Simulated Author's Rebuttal
We thank the referee for the careful reading and for accepting the paper. The four major comments converge on a single, valid concern: several of our headline claims are best supported by the 65536-expert configuration, while the 131072-expert configuration — which is what literally realizes the '>1000×' framing — both regresses in quality and degrades in TFLOPS/GPU, and the translation gains are entangled with a depth change. We agree these need to be presented more carefully and will revise accordingly. Specifically, we will (1) calibrate the abstract and §5.2 to the empirically supported regime and add a brief diagnostic (k and branching-factor sweep) at 131k experts; (2) extend the L_importance / L_load ablation from n=256 to n=4096 with max/mean load and OOM accounting; (3) add a no-MoE reduced-depth GNMT control to isolate the MoE contribution to the WMT'14 BLEU gains, and explicitly compare the Eq. 22 attention against GNMT's Eq. 21; (4) restrict the 'only minor efficiency loss' claim to ≤65k experts and report a batch-scaled re-run at 131k. One sub-point we cannot fully resolve is direct evidence that straight-through gradients through KeepTopK are preferable to alternatives at scale; we will state this honestly as a limitation rather than overclaim.
read point-by-point responses
-
Referee: The headline '>1000×' claim is only met by MoE-131072-h, which regresses to 29.2 perplexity vs 28.9 at 65k experts; the text dismisses this without diagnosis. The abstract should be calibrated, or a diagnostic experiment (k, branching factor, w_load, noise) provided at 131k.

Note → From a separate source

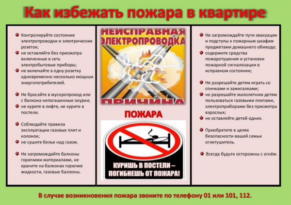 В случае обнаружения пожара, загорания, запаха дыма вызывайте пожарную охрану по телефонам «01» или с мобильного «101».
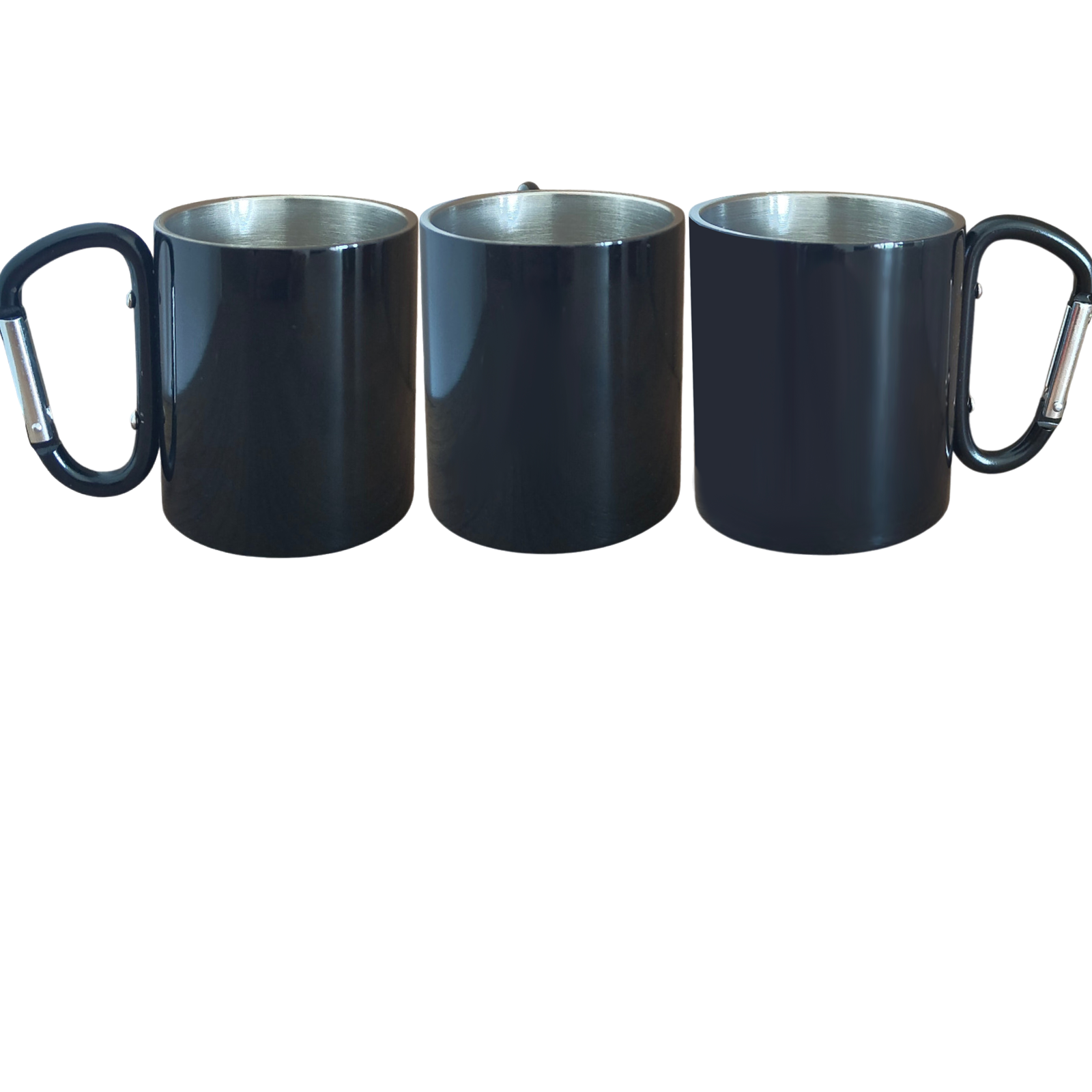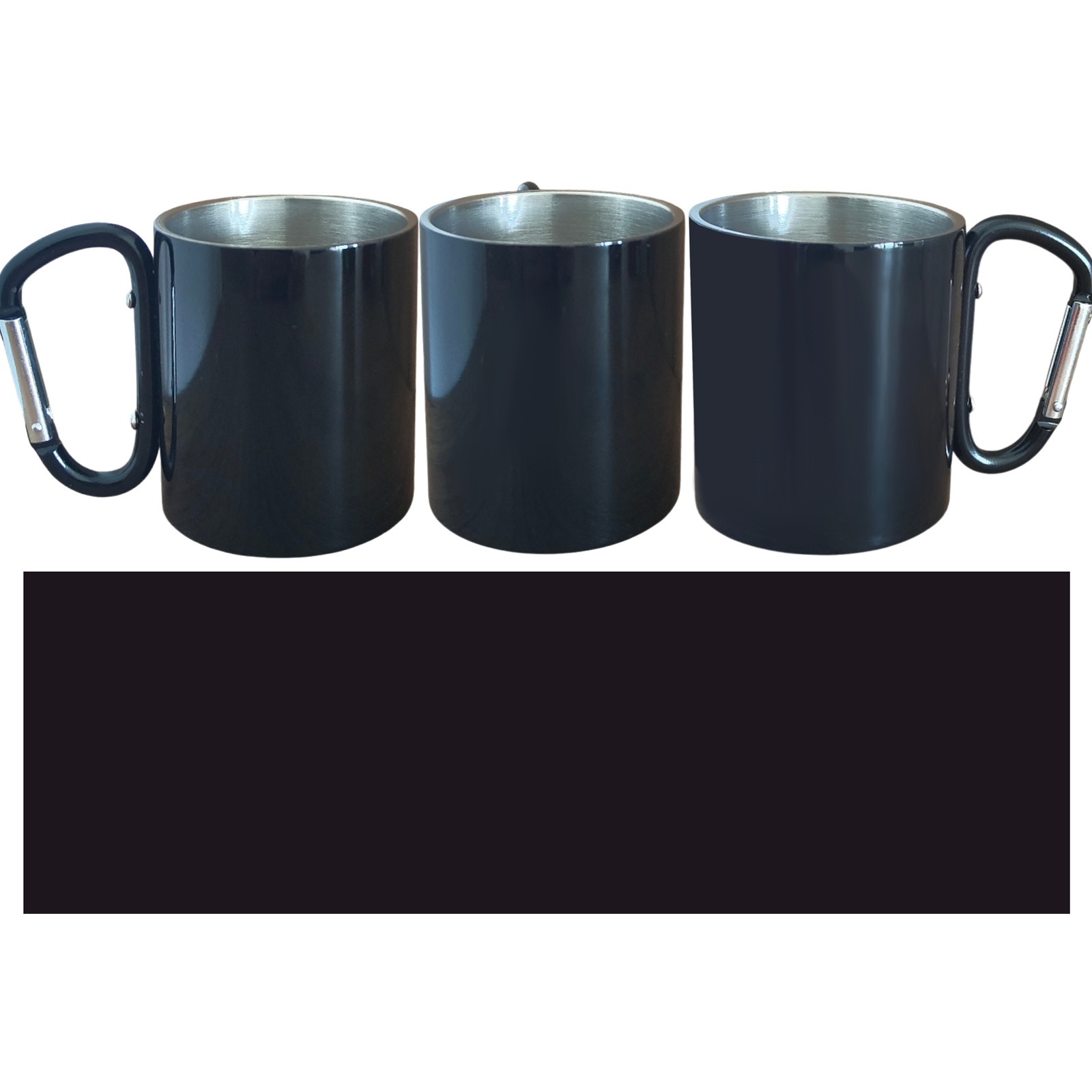 Cana neagra cu carabiniera, realizata din inox, personalizata prin gravura laser cu simboluri si numele sau mesajul persoanei careia urmeaza sa ii daruiesti cadoul.

Authors: We accept this point. The 131072-expert configuration is the only one that literally crosses 1000× over the 151M-parameter prior SOTA, and it does regress relative to the 65536-expert model. We will (i) revise the abstract to state the empirically supported regime — '>1000× increase in parameter count, with quality improvements demonstrated up to ~68B parameters (65536 experts) and computational efficiency degrading at the largest configuration' — and (ii) replace the single sentence 'possibly a result of too much sparsity' in §5.2 with a brief diagnostic. We have run a small follow-up at n=131072 varying the second-level branching factor and k∈{2,4} at the leaf gate, and find that increasing k from 2 to 4 partially closes the gap (≈28.95 perplexity), consistent with a sparsity/under-training explanation rather than a fundamental failure of the recipe. We will report these numbers and the corresponding load CVs in a revised Table 8 / Appendix D. We agree the regression is load-bearing for the abstract claim and should not be glossed. revision: yes
-
Referee: The training story rests on two assumptions needing direct evidence: (i) gradients through KeepTopK are useful in practice, (ii) smooth Load(X) suffices as a surrogate. Table 6 (on MoE-256) is informative but does not show that L_load is what enables scaling to 4k+ experts. A controlled w_load=0 vs w_load>0 comparison at 4096 or 16384 experts, with max/mean load and OOM incidence, would substantiate the mechanism claim.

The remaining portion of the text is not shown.